The experts who testified on Wednesday before the Committee on Small Business highlighted several of the same benefits as we did regarding Bitcoin for small businesses:
- Fee reduction: All parties involved acknowledged the obvious reduction in transaction fees accompanying the use of Bitcoin. Brito notes, “If you are a small-margin business, that difference could mean doubling your profits.” As we mentioned on Monday, others noted how Bitcoin effectively eliminates fees associated with international currency conversion. White makes the observation that “a bitcoin payment made by customer in New York looks identical to a merchant as a bitcoin payment made by a customer in London, Buenos Aires, or Tokyo.”

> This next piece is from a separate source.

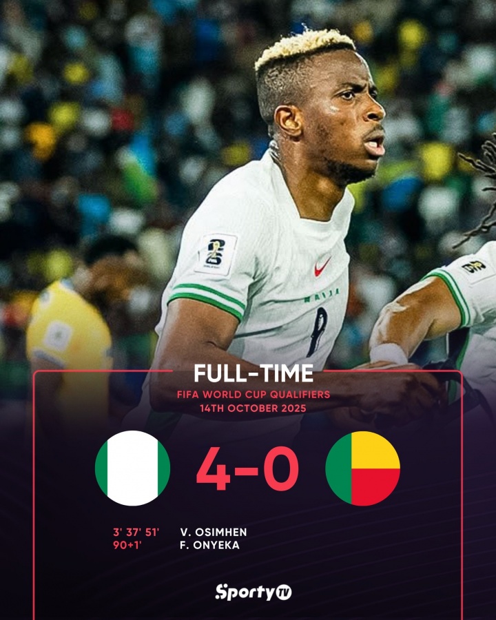 10月15日讯 世预赛非洲区小组赛C组,尼日利亚4-0贝宁,本场赛事 奥斯梅恩戴帽,丘库埃泽助功 双响。

- Finality: This Monday, we pointed to the finality that Bitcoin transactions can bring to small businesses. Brito explores the one-way nature of Bitcoin transfers as well, noting that
because there is no central intermediary, there is no third party that can reverse a transaction. This protects small businesses from chargeback fraud, which often results not just in the loss of the sale, but also in penalty fees. Such “friendly fraud” accounts for 41 percent of all claims, and if a merchant has one percent of their charges reversed as chargebacks, they can be kicked out of the credit card networks, potentially ending their business.
- New kid on the block: We pointed out how small businesses have benefitted from the novelty of Bitcoin. Couvillion made a similar observation: “At least for now, Bitcoin is considered trendy by younger consumers. This factor helps to differentiate a new small business from its competition.”
The professionals who attended this week’s congressional hearing also picked up on many of the same downsides of Bitcoin as we observed on Monday:
- Volatility: Monday’s piece notes the fickle and unpredictable nature of the Bitcoin exchange rate. At Wednesday’s hearing, Williams agreed: “One month or even one week in the Bitcoin world can be equivalent to a decade in other market.” Although he acknowledges the exponential increase in value from 2011 to 2013, Williams recognizes that “prices have not been a one-way space rocket to the moon.”
- Security: Williams cites the “virtual-bank heist” of Mt. Gox and assault on Silk Road as examples of current vulnerabilities in the cryptocurrency. In addition, he considers the risk of theft accompanying Bitcoin e-wallets: “If an e-wallet is hacked and coins stolen or transferred by mistake, they are lost forever. If a computer is infected with a virus, it could wipe out the hard drive and the stored value of all e-coins.” Brito also observes the absence of an intermediary that could replace your Bitcoins if they are stolen.
- Tax implications: On Monday, we highlighted the IRS’s recent classification of Bitcoin as property as opposed to currency, which has significant capital gains tax implications for Bitcoin users. As Couvillion notes, and we have speculated, “State taxation is not likely but is possible in some jurisdictions.”
- Dangers associated with illicit nature: Williams describes Bitcoin as “the designer currency of choice for the criminally-inclined.” We identified the traceable nature of Bitcoin and warned of the possibility of governments stepping in and seizing “dirty” Bitcoins down the road, even though the current holder might not be affiliated with any illicit activity. As Brito observes, “transaction records will always be public and accessible at any time by law enforcement.”
Bitcoin is sparking debate across the United States. On Monday night, here in New York City, Brooklyn Law School’s International Law Society, Brooklyn Business Law Society and Brooklyn Law Entrepreneurs Club co-hosted the panel discussion “Bitcoin: The Future of Global Currency.” The event featured Jack Wiener, adjunct law professor and CEO of Financial Services Consulting; professor of law Steven Dean; and Domenic Romano of Romano Law PLLC.
The panel noted both the opportunities and challenges that Bitcoin presents for small business owners. The change of pace for this new digital currency is astonishing. While previously known by only the most technically proficient, Bitcoin has come into the full media spotlight and public consciousness. Bitcoin has also officially secured its place with federal lawmakers in Washington.
Will clarifying laws and more regulations follow?